JAAP GOEDEGEBUURE – ECKHART VOOR SCEPTICI – BIJ WIJZE VAN INLEIDING

Meister Eckhart leeft. Hoewel zijn sterfdag bijna zeven eeuwen ach ter ons ligt, worden zijn preken en traktaten tot vandaag de dag intensief gelezen, niet alleen door filologen en filosofen (die in een steeds hoger tempo de ene studie na de andere over hem publiceren), maar ook door een even breed als divers publiek. We vinden er orthodoxe christenen onder, spiritueel en wijsgerig geïnteresseerden buiten dan wel binnen kerkelijk verband, agnosten en zelfs atheïsten.

De diversiteit van Eckharts hedendaagse gehoor spiegelt zich in een breed en geschakeerd palet van interpretaties en waardebepalingen. In de negentiende eeuw, toen de filosofie zich al sinds lang had gedistantieerd van de opdracht van Thomas van Aquino, die de wijsbegeerte als de dienstmaagd van de theologie zag, en de eerbied voor de christelijke leer niet meer vanzelfsprekend was, ontstond er ruimte voor een nieuw Eckhart-beeld. Niet alleen bracht Schopenhauer het denken van de Meister in verband met het boeddhismehij ging ook zover om hem los te weken uit orthodoxie en dogma tiek. Voor Eckhart zouden de christelijke geloofwaarheden slechts een vorm van allegorisch te duiden mythologie zijn geweest.

In Schopenhauers voetspoor stelde Nietzsche kritische vragen bij het christelijke gehalte van Eckharts inzichten. Het wilde er bij hem niet in dat iemand die zich zo verregaand had weten te bevrijden van de conventionele theologie trouw kon blijven aan de kerk. Nadat hij in Die fröhliche Wissenschaft zijn instemming had betuigd met Eckharts beroemde bede aan God om van God te worden ontslagen, noteerde Nietzsche in een nagelaten aantekening hoe spijtig het was om te zien dat persoonlijkheden als Pascal en Eckhart door het christendom ‘bedorven’ waren. Veel liever waren hem oude Grieken als Heraclitus, Anaximander en Parmenides, in zijn ogen voorbeeldige denkers, die leefden in harmonie met de natuur en zich niet hadden laten afknijpen door een wereldvijandige doctrine.

Ook Heidegger en Derrida, die in de twintigste eeuw Nietzsches metafysicakritiek hebben voortgezet, verstonden zich indringend met Eckhart. Heidegger gaf, weliswaar met een geheel eigen invulling, Eckharts begrip ‘Gelassenheit’ een centrale plek in zijn filosofie. Derrida op zijn beurt ging in op de kwestie van de door Dionysius en Eckhart beoefende negatieve theologie, waarvan zijn critici – volgens hem ten onrechte – beweerden dat het de inspiratie had gevormd voor zijn eigen filosofie, gebaseerd als die was op het productief maken van tegenstellingen en ontkenningen.

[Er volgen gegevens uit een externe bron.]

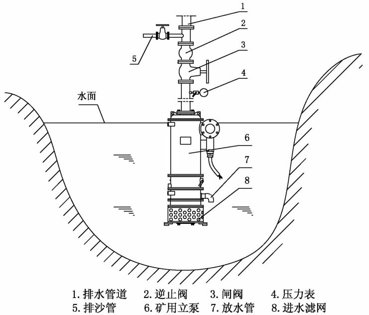 将矿用立泵直接固定在出水钢管上、也可以用钢丝绳将泵吊挂在水中、还可以将泵固定在浮筒或浮筏上。与其他方案相比,其优点为: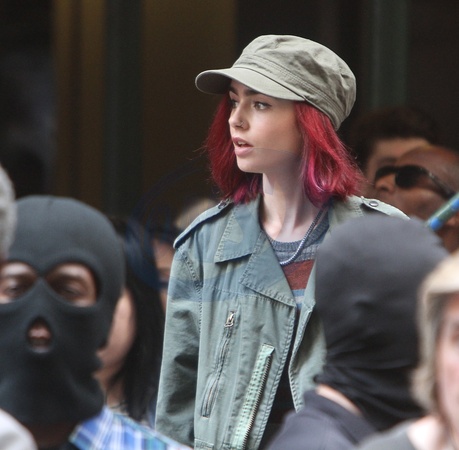 Lily Collins w czerwonych wlosach na planie Okja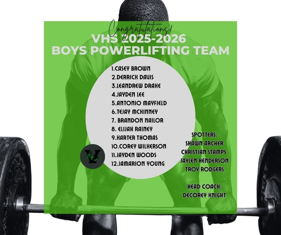 VHS announces roster for upcoming powerlifting season
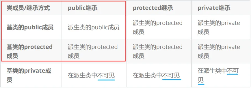 - 如果基类成员不想在类外直接被访问,但需要在 派生类中能访问,就把基类成员定义为protected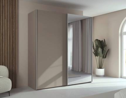 Dulap cu usi glisante TARO 162x223x69cm fango/ oglinda, maner aluminiu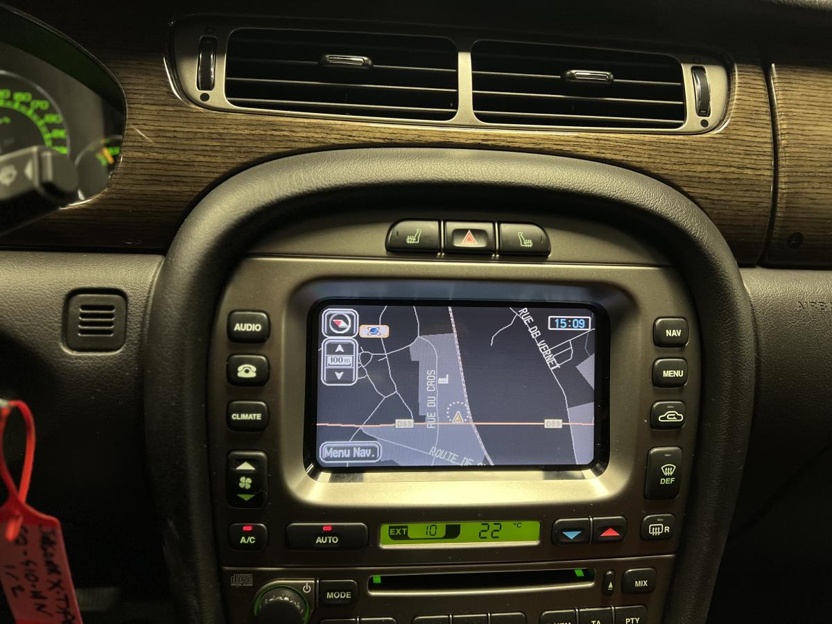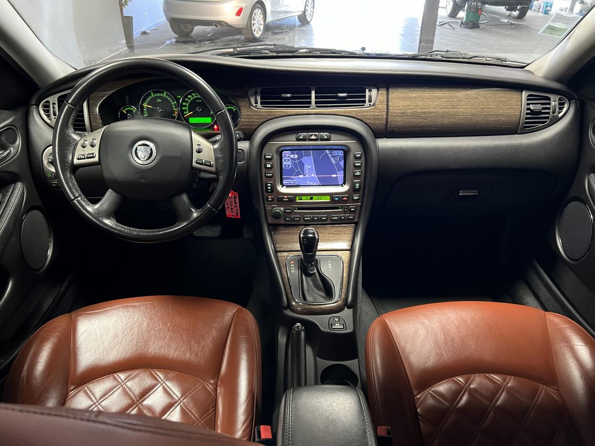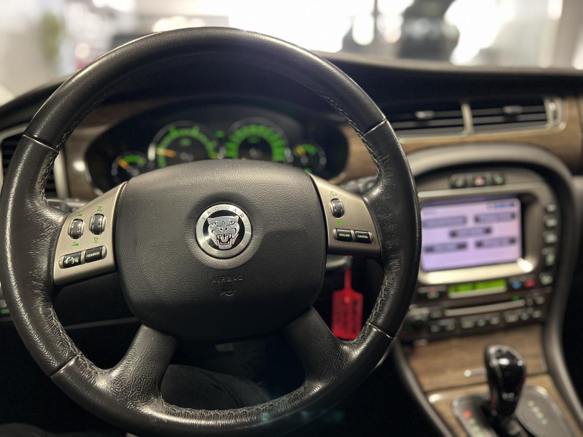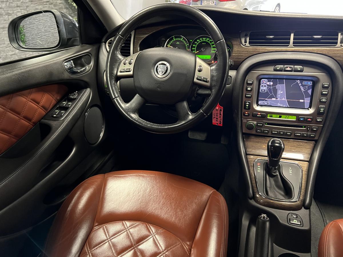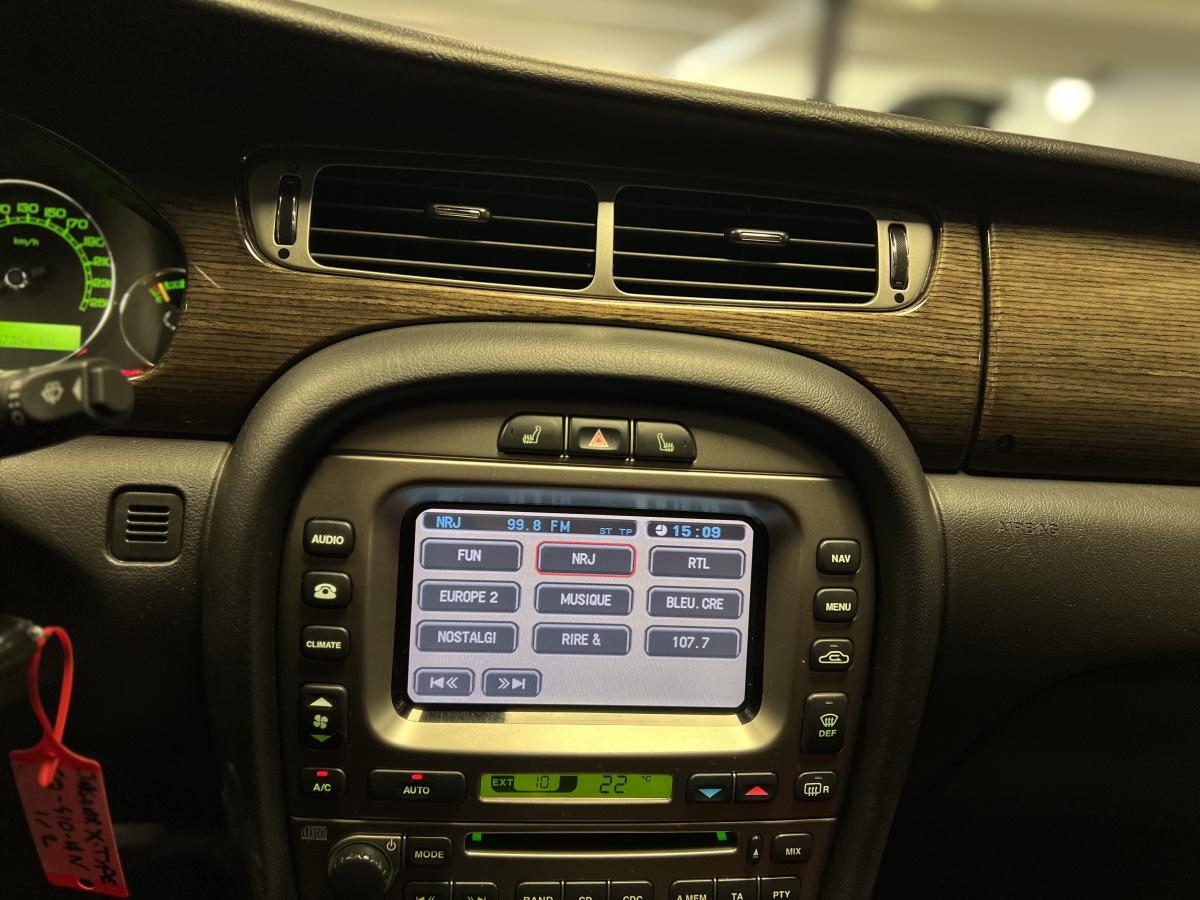 Accoudoir central arrière avec double porte-verreAllumage automatique des phares avec réglage manuel de la hauteur du faisceauAntipatinage Électronique (ETC)Bac de rangement dans la console centrale avant et accoudoir coulissantBadge Jaguar « Executive »Baguettes de porte intérieures en ronce de noyerBanquette arrière fractionnable en 70/30Boiserie ronce de noyerClimatiseur automatique avec filtre à pollen et affi chage de la température extérieureColonne de direction réglable manuellement en hauteur et en profondeurContrôle dynamique de la stabilité (DSC) avec assistance au freinage d'urgence (EBA)Direction assistée à démultiplication variable en fonction de l'angle de braquageDouble porte-verre avantEncadrement de calandre couleur carrosserie avec encadrement intérieur chroméEntourage des vitres latérales chroméEssuie vitre à déclenchement automatiqueGrille de calandre maillée brillante avec badge « tête de Jaguar » centralJantes en alliage Barbados 7" x 17"Lève-vitres électriques avant et arrière à anti-pincement, commandés par simple impulsionLecteur simple CDOrdinateur de bordPare-brise arrière chauffant à temporisationPare-soleil avec miroirs de courtoisie éclairés, conducteur et passager avantPlaques de seuil de porte à l'arrièrePommeau de levier de vitesse cuirProjecteurs antibrouillard avantRégulateur automatique de vitesse avec commandes au volantRétroviseur intérieur automatique jour/nuitRétroviseurs extérieurs chauffants et escamotables électriquementRétroviseurs extérieurs couleur carrosserie, chauffants et réglables électriquement avec rappels de clignotants intégrésSièges avant chauffants avec réglages indépendantsSièges en cuir avec double couture horizontale et passepoils contrastés, réglables électriquement en 10 directions (incluant les supports lombaires) pour les sièges conducteur et passager avantSuspension TouringSystème audio Jaguar 120WSystème d'aide au parking arrièreSystème de téléphonie BluetoothTapis de sol textile à l'avant et à l'arrièreTrois appuie-tête arrièreTrois mémorisations possibles pour les réglages du siège conducteur et des rétroviseurs extérieursVolant 4 branches multifonctions habillé de cuir avec commandes du système audio, du régulateur de vitesse, du système de téléphonie Bluetooth® (si option montée) et commandes vocales JaguarVoice®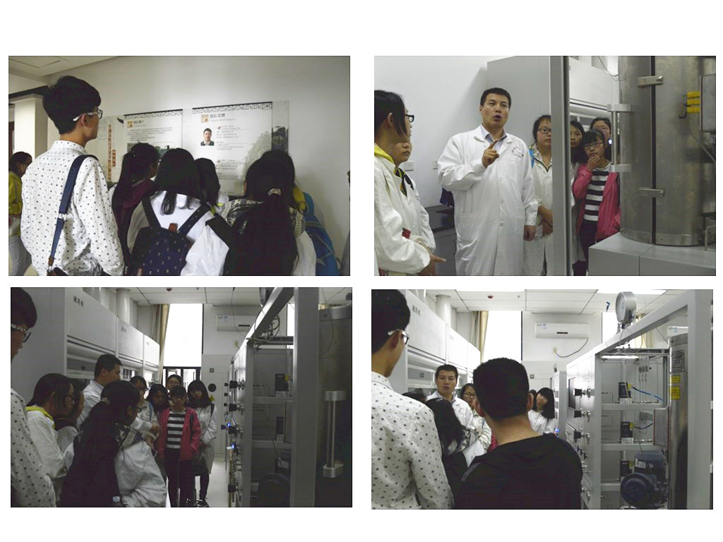 “未来的科研工作者”们身着白色实验服早早地到达致知楼,充满了向往与兴奋,迫不及待想要进入实验室“大饱眼福”。在项目组成员向他们强调了参观过程中的安全、秩序等注意事项后,按照预先安排的顺序他们先后参观了大型仪器平台、物理化学房喻教授实验室、无机化学高玲香教授实验室、有机化学柴永海教授、张琦副教授实验室、无机化学曹睿教授实验室、实验标本室、应用化学及化学工程刘昭铁教授、刘忠文教授实验室。

De reacties van deze vier kopstukken van de moderne filosofie geven aan dat Meister Eckhart meer dan een half millennium na zijn dood nog altijd (of liever gezegd: opnieuw, of misschien nog liever gezegd: voor het eerst) werd begroet als iemand wiens denken zo vitaal was dat hij als een serieuze gespreksgenoot en inspiratiebron kon gelden. Datzelfde geldt voor een aantal twintigste-eeuwse Nederlandstalige dichters en schrijvers van naam: Paul van Ostaijen, S. Vestdijk, Etty Hillesum, C.O. Jellema en Hans Faverey, om maar enkele te noemen.

Van Ostaijen

Van Ostaijens ontmoeting met Eckhart vond plaats toen hij tegen het einde van de Eerste Wereldoorlog de wijk had moeten nemen naar Berlijn, om te ontkomen aan gerechtelijke vervolging vanwege zijn aandeel in de door de Duitse bezetters gesteunde Vlaamse emancipatiestrijd, vervolging die zeker tot gevangenisstraf zou hebben geleid. In Berlijn ging Van Ostaijen door een existentiële en levensbeschouwelijke crisis, maar het was juist in dat dal dat hij houvast vond bij een aantal mystieke auteurs. Recentelijk hebben Jef Bogman en Jan Oegema laten zien dat door Van Ostaijen gekoesterde begrippen als ‘ontindividualisering’ en ‘ontworden’ hun ontstaan mede te danken hebben aan zijn lectuur van Eckhart, de meester die leert dat het ware inzicht begint met onthechting en ontlediging.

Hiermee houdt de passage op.